┌──
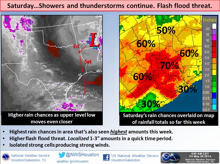 On Saturday, the system is expected to drop further south with higher precipitation chances north and east of the Highway 59 corridor line. This is predicted will bring additional 1-3 inches to an area that has already seen 5-8 inches of rainfall this week.
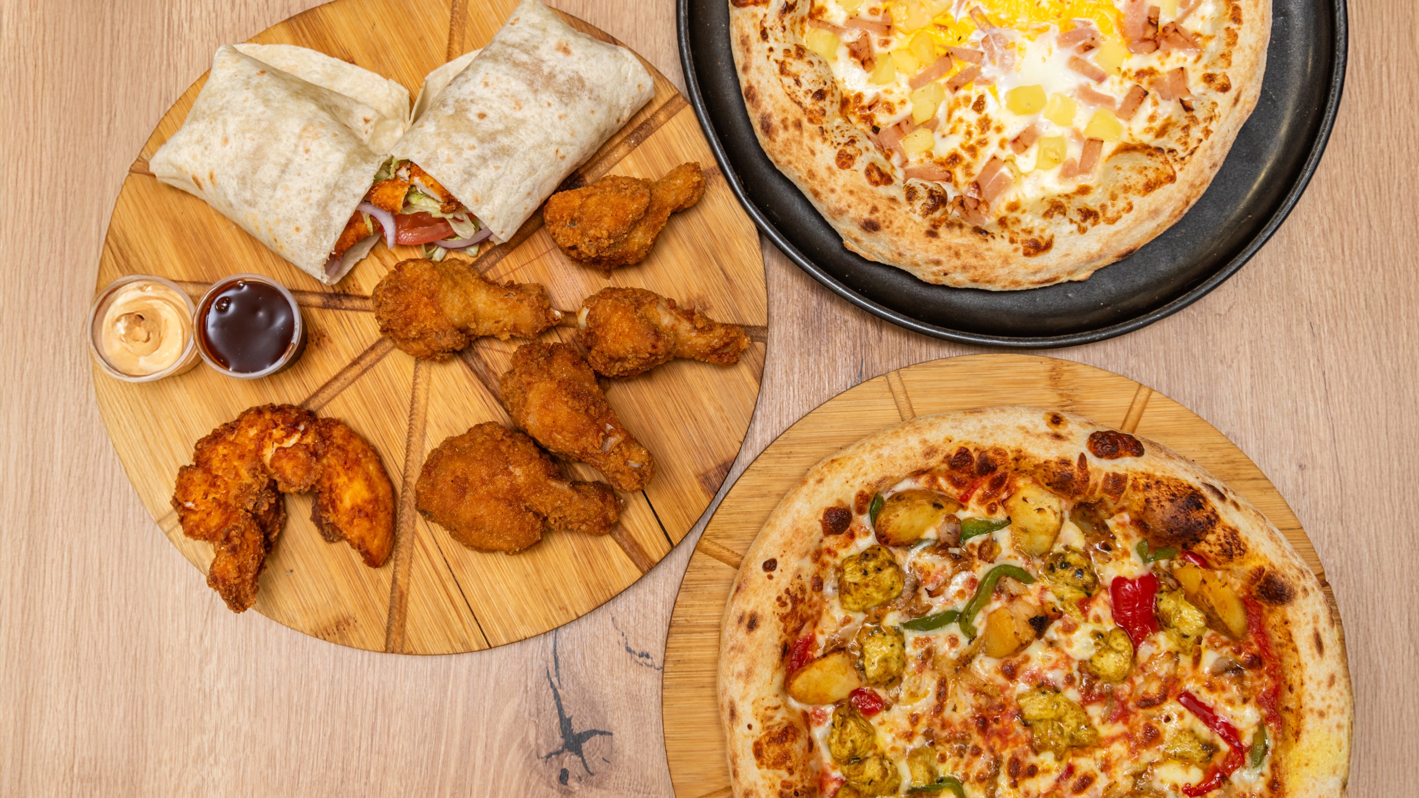 Base tomate, mozzarella, poulet fumé, pomme de terre, oignons€11.50Cap Bon
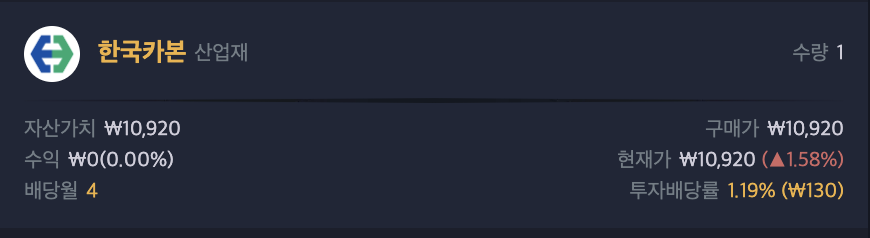 한국카본 업종(자본재) 종목의 배당금 포스팅 입니다.
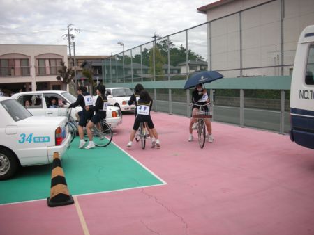 生徒は、自動車・自転車・見学者にわかれ体験をしました。
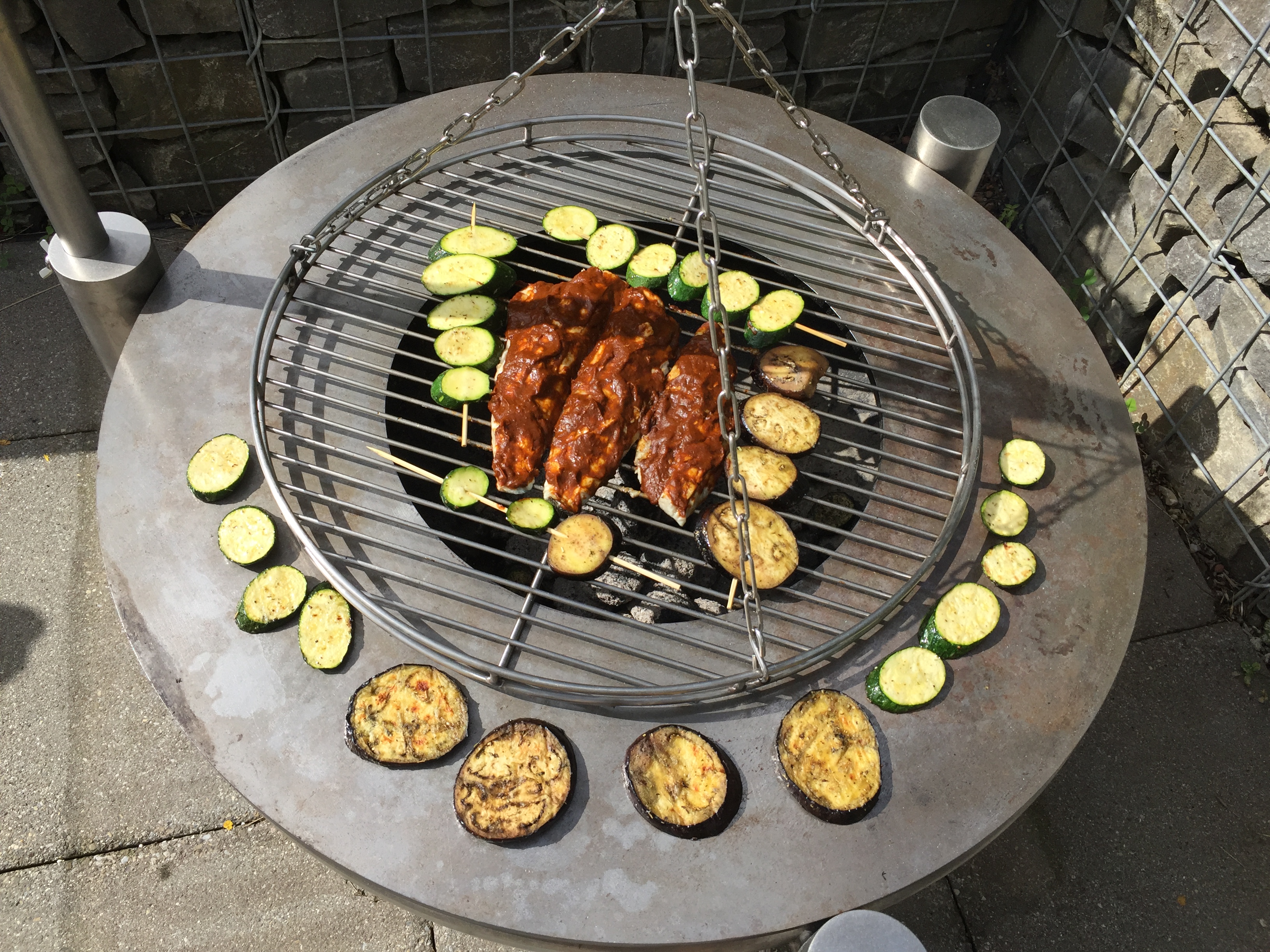 Ich bin eigentlich nicht wirklich der Grilliertyp. Wir hatten jahrelang auch keinen Grill mehr. Doch diesen Sommer haben wir uns einen Feuerring zugelegt, auf dem man wunderbar über der Glut grillieren, auf dem Stahlring aber auch gut anbraten und wärmen kann. Und in kühlen Nächten gibt es schön warm. Die Feuerschale hat auch etwas von einem Lagerfeuer und weckt Erinnerungen an die Kindheit, als wir im Wald „Chlöpfer“ (Cervelat, Wurst) bräteln waren. Das war immer aufregend. Und auch wenn es aus der Feuerschale manchmal doch ziemlich raucht – wir sind noch ein wenig am Üben -, wird das Gegrillte immer sehr, sehr lecker. Vom einfachen Hamburger über eine Bratwurst bis zu einem tollen T-Bone Steak haben wir schon einiges versucht. Natürlich immer mit viel Gemüse.
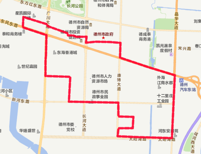 站點設(shè)置:會展中心、市政務服務中心、富豪康博大酒店、東風路康博大道、澳德樂時代廣場、江南水郡、德百批發(fā)城西門、大申莊新村、德百奧萊廣場、河東安居苑、德州市殘疾兒童康復中心、沙王小學、沙王社區(qū)、德州市第一中學東校區(qū)、社會福利中心、太陽城學校、岳莊新村、月湖公園、廣川大道國防路、東海香港城、泰和名仕港、長河小學、星凱國際南門、高地世紀城南門、趙辛中天府社區(qū)、會展中心。
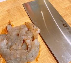 3.鮮蝦剁成蝦泥當然也可以選用料理機或者輔食機打碎但阿嬤是覺得就這麼點大蝦沾在機器壁上的都比刮下來的多還是上刀剁吧耐心些。
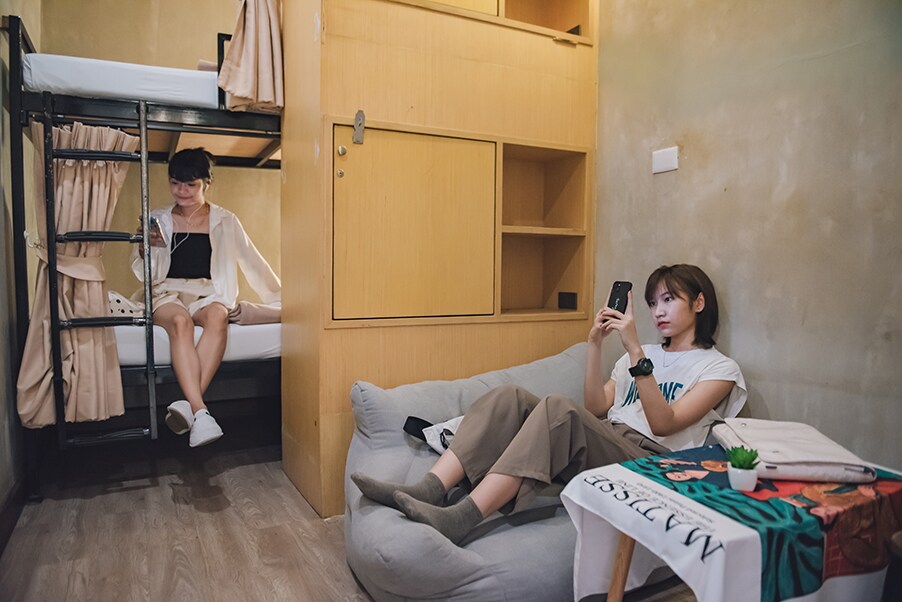 Just a 10-minute walk from BTS Phra Khanong, Cazz Hostel is right next to a 24-hour convenience store and a local Thai market. Downtown Bangkok is only 10–15 minutes away by skytrain, and the airport’s just a 25-minute drive. Hang out in our cozy common area, cook in the shared kitchen, or relax with a coffee and some cute cats at our café downstairs!
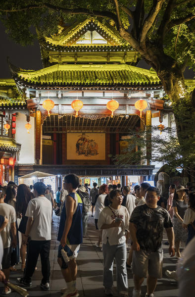 2025年8月23日,夏日的成都锦里,人来人往的游客络绎不绝地在景区内游玩与闲逛,景区展现出欣欣繁荣与热闹的景象。
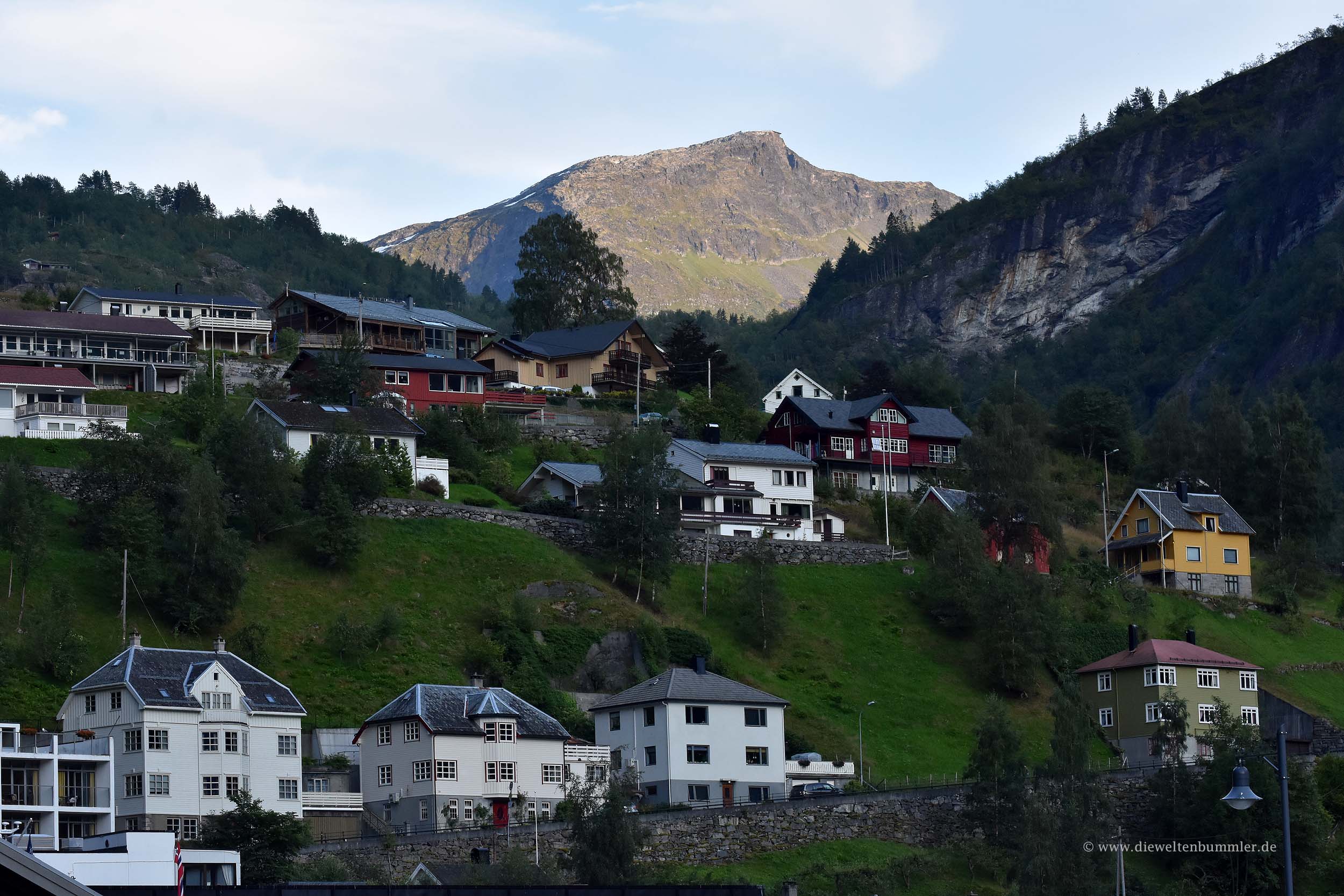 Auf dem Parkplatz oberhalb der Serpentinenstraße ist laut Beschilderung das Übernachten verboten. So fuhren wir dann doch runter zum Fjord. Viel Zeit ließen wir uns dabei, um die Bremsen nicht zu überhitzen. Es war uns ja nicht eilig. Unten auf dem Wasser sahen wir ein Schiff der Costa-Reederei, das gerade losmachte und den Geirangerfjord langsam verließ. Erschreckenderweise machte das Schiff dabei einen Höllenlärm und beschallte mit der Lautsprecheranlage den gesamten Fjord musikalisch. Das fanden wir schlimm und waren wieder einmal froh, dass wir unsere Reise damals mit Cunard machten, wo es deutlich stilvoller zugeht.
└──
Requirement
The whole listing is to be retyped exactly, with its pictures removed.

Exercise response
 On Saturday, the system is expected to drop further south with higher precipitation chances north and east of the Highway 59 corridor line. This is predicted will bring additional 1-3 inches to an area that has already seen 5-8 inches of rainfall this week.
 Base tomate, mozzarella, poulet fumé, pomme de terre, oignons€11.50Cap Bon
 한국카본 업종(자본재) 종목의 배당금 포스팅 입니다.
 生徒は、自動車・自転車・見学者にわかれ体験をしました。
 Ich bin eigentlich nicht wirklich der Grilliertyp. Wir hatten jahrelang auch keinen Grill mehr. Doch diesen Sommer haben wir uns einen Feuerring zugelegt, auf dem man wunderbar über der Glut grillieren, auf dem Stahlring aber auch gut anbraten und wärmen kann. Und in kühlen Nächten gibt es schön warm. Die Feuerschale hat auch etwas von einem Lagerfeuer und weckt Erinnerungen an die Kindheit, als wir im Wald „Chlöpfer“ (Cervelat, Wurst) bräteln waren. Das war immer aufregend. Und auch wenn es aus der Feuerschale manchmal doch ziemlich raucht – wir sind noch ein wenig am Üben -, wird das Gegrillte immer sehr, sehr lecker. Vom einfachen Hamburger über eine Bratwurst bis zu einem tollen T-Bone Steak haben wir schon einiges versucht. Natürlich immer mit viel Gemüse.
 站點設(shè)置:會展中心、市政務服務中心、富豪康博大酒店、東風路康博大道、澳德樂時代廣場、江南水郡、德百批發(fā)城西門、大申莊新村、德百奧萊廣場、河東安居苑、德州市殘疾兒童康復中心、沙王小學、沙王社區(qū)、德州市第一中學東校區(qū)、社會福利中心、太陽城學校、岳莊新村、月湖公園、廣川大道國防路、東海香港城、泰和名仕港、長河小學、星凱國際南門、高地世紀城南門、趙辛中天府社區(qū)、會展中心。
 3.鮮蝦剁成蝦泥當然也可以選用料理機或者輔食機打碎但阿嬤是覺得就這麼點大蝦沾在機器壁上的都比刮下來的多還是上刀剁吧耐心些。
 Just a 10-minute walk from BTS Phra Khanong, Cazz Hostel is right next to a 24-hour convenience store and a local Thai market. Downtown Bangkok is only 10–15 minutes away by skytrain, and the airport’s just a 25-minute drive. Hang out in our cozy common area, cook in the shared kitchen, or relax with a coffee and some cute cats at our café downstairs!
 2025年8月23日,夏日的成都锦里,人来人往的游客络绎不绝地在景区内游玩与闲逛,景区展现出欣欣繁荣与热闹的景象。
 Auf dem Parkplatz oberhalb der Serpentinenstraße ist laut Beschilderung das Übernachten verboten. So fuhren wir dann doch runter zum Fjord. Viel Zeit ließen wir uns dabei, um die Bremsen nicht zu überhitzen. Es war uns ja nicht eilig. Unten auf dem Wasser sahen wir ein Schiff der Costa-Reederei, das gerade losmachte und den Geirangerfjord langsam verließ. Erschreckenderweise machte das Schiff dabei einen Höllenlärm und beschallte mit der Lautsprecheranlage den gesamten Fjord musikalisch. Das fanden wir schlimm und waren wieder einmal froh, dass wir unsere Reise damals mit Cunard machten, wo es deutlich stilvoller zugeht.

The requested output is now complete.